Table 18-6 Definition of the GPA Table

Column	Data Type	Description
GPA_KEY	NUMBER (19,0)	Key for the audit record
UGP_KEY	NUMBER (19,0)	Key for the role whose role snapshot is recorded
EFF_FROM_DATE	TIMESTAMP (6)	Date and time at which the snapshot entry became effective
EFF_TO_DATE	TIMESTAMP (6)	Date and time at which the snapshot entry was no longer effective In other words, this is the date and time at which the next snapshot entry was created. For the entry representing the latest user profile, the To Date column value is set to NULL
SRC	VARCHAR2 (4000)	Source of the entry, User ID of the user responsible for the change, and the API used to carry out the change
SNAPSHOT	CLOB	XML representation of the snapshot
DELTAS	CLOB	XML representation of old and new values corresponding to a change made to the snapshot
SIGNATURE	CLOB	Can be used to store a digital signature for the snapshot (for nonrepudiation purposes)

When Oracle Identity Manager takes a snapshot of a admin role membership profile, it stores the snapshot in the ARM_AUD table. The structure of this table is as described in Table 18-7.

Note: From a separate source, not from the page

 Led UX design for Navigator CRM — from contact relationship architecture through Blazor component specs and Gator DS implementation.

Table 18-7 Definition of the ARM_AUD Table

Column	Data Type	Description
ARM_AUD_ID	NUMBER(20)	Admin role audit ID
MEMBERSHIP_ID	NUMBER(20)	Admin role membership ID
ROLE_ID	NUMBER(20)	Admin role ID
USER_ID	VARCHAR2(256 CHAR)	User member ID
SCOPE_ID	NUMBER(20)	Scope ID of the admin role membership
INCLUDE_HIERARCHY	NUMBER(1)	Whether or not organization hierarchy is included
ARM_AUD_EFF_FROM_DATE	TIMESTAMP(6)	Date from which admin role audit is effective
ARM_AUD_EFF_TO_DATE	TIMESTAMP(6)	Date up to which admin role audit is effective
USR_ACTION	VARCHAR2(10 CHAR)	Action of the user members
USR_LOGIN	VARCHAR2(256 CHAR)	Login names of the user members

18.3.1.3 Trigger for Taking Snapshots

When any data element in the role profile snapshot changes, Oracle Identity Manager creates a snapshot.

The creation of role profile snapshots is triggered by events that result in changes in any of the following:

Role profile data
Parent role information
Adding or revoking users or user memberships

18.4 Catalog Auditing

See "Configuring Catalog Auditing" for information about catalog auditing.

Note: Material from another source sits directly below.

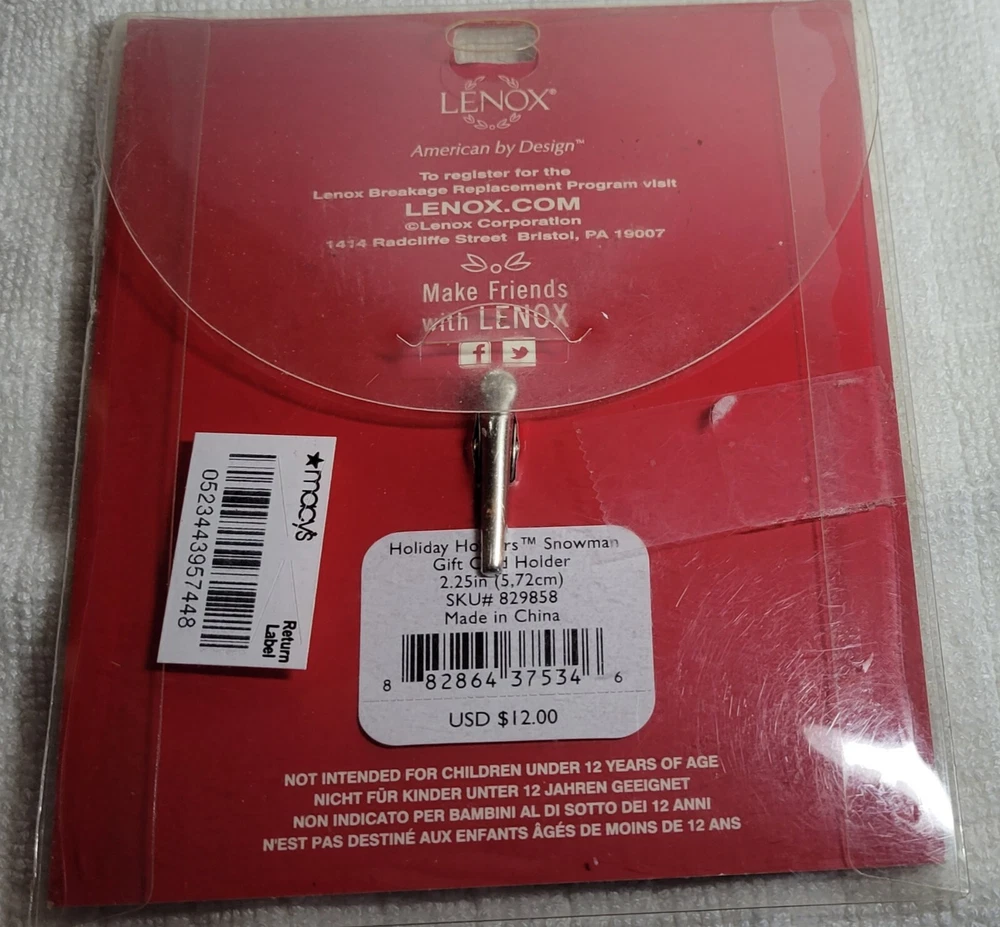 HomeLENOX Gift Card Holder SnowMan American by Design brand new non-smoking home

18.5 Enabling and Disabling Auditing

This section describes how to enable and disable auditing in Oracle Identity Manager in the following sections:

Disabling Auditing
Enabling Auditing

18.5.1 Disabling Auditing

To disable auditing in Oracle Identity Manager:

Set the values of User profile audit data collection level (XL.UserProfileAuditDataCollection) and Level of Role Auditing (XL.RoleAuditLevel) system properties to None, as described in "Modifying System Properties".
Disable the Issue Audit Messages Task scheduled job as described in "Disabling and Enabling Jobs".

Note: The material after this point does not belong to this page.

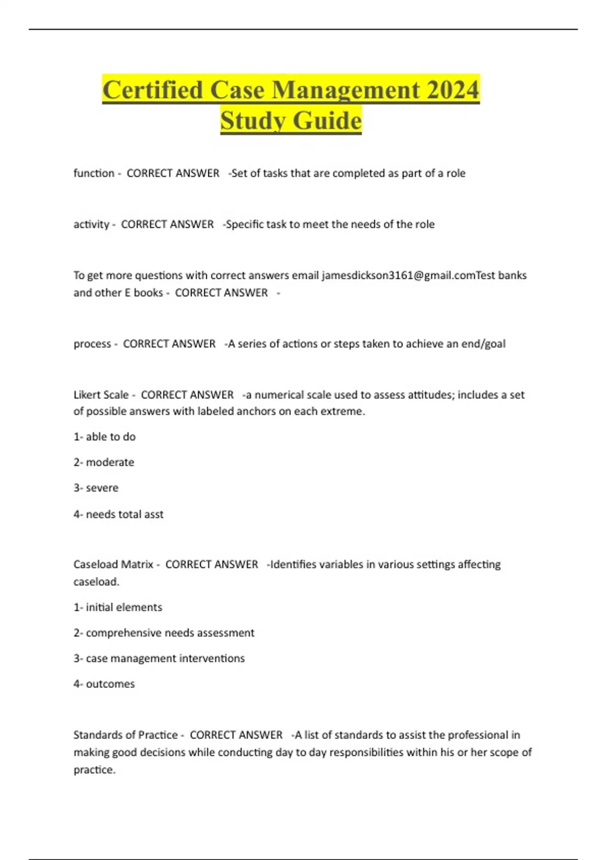 Certified Case Management 2024 Study Guide function - CORRECT ANSWER -Set of tasks that are completed as part of a role activity - CORRECT ANSWER -Specific task to meet the needs of the role To get more questions with correct answers email jamesdickson3161@Test banks and other E books - CORRECT ANSWER - process - CORRECT ANSWER -A series of actions or steps taken to achieve an end/goal Likert Scale - CORRECT ANSWER -a numerical scale used to assess attitudes; includes a set of possible answers with labeled anchors on each extreme. 1- able to do 2- moderate 3- severe 4- needs total asst Caseload Matrix - CORRECT ANSWER -Identifies variables in various settings affecting caseload. 1- initial elements 2- comprehensive needs assessment 3- case management interventions 4- outcomes Standards of Practice - CORRECT ANSWER -A list of standards to assist the professional in making good decisions while conducting day to day responsibilities within his or her scope of practice.

If pending audit changes are required to be recorded in the audit tables, then disable the scheduled task after all the pending audit changes are processed.

To disable catalog auditing, set the value of the XL.CatalogAuditDataCollection system property to none.

18.5.2 Enabling Auditing

To enable auditing in Oracle Identity Manager:

Set the values of User profile audit data collection level (XL.UserProfileAuditDataCollection) and Level of Role Auditing (XL.RoleAuditLevel) system properties to one of the levels defined in "User Profile Auditing" and "Role Profile Auditing" for user profile and role profile auditing respectively.

See "Managing System Properties" for information about modifying the values of system properties.
Enable the Issue Audit Messages Task scheduled job as described in "Disabling and Enabling Jobs".
For user profile auditing, generate snapshots by running the GenerateSnapshot script as described in "Generating an Audit Snapshot" in the Oracle Fusion Middleware Developer's Guide for Oracle Identity Manager.

The following is the command-line usage of the GenerateSnapshot script:
```
./GenerateSnapshot.sh -username OIM_ADMIN_USERNAME -numOfThreads 8 -serverURLt3://WLS_SERVER:PORT -ctxFactory weblogic.jndi.WLInitialContextFactory[-inputFile fileWithUserKeys]
```
Here:
- OIM_ADMIN_USERNAME is the Oracle Identity Manager administrator username.
- WLS_SERVER is the Oracle WebLogic Server name.
- PORT is the port number of the WebLogic Server.

To enable catalog auditing, set the value of the XL.CatalogAuditDataCollection system property to catalog.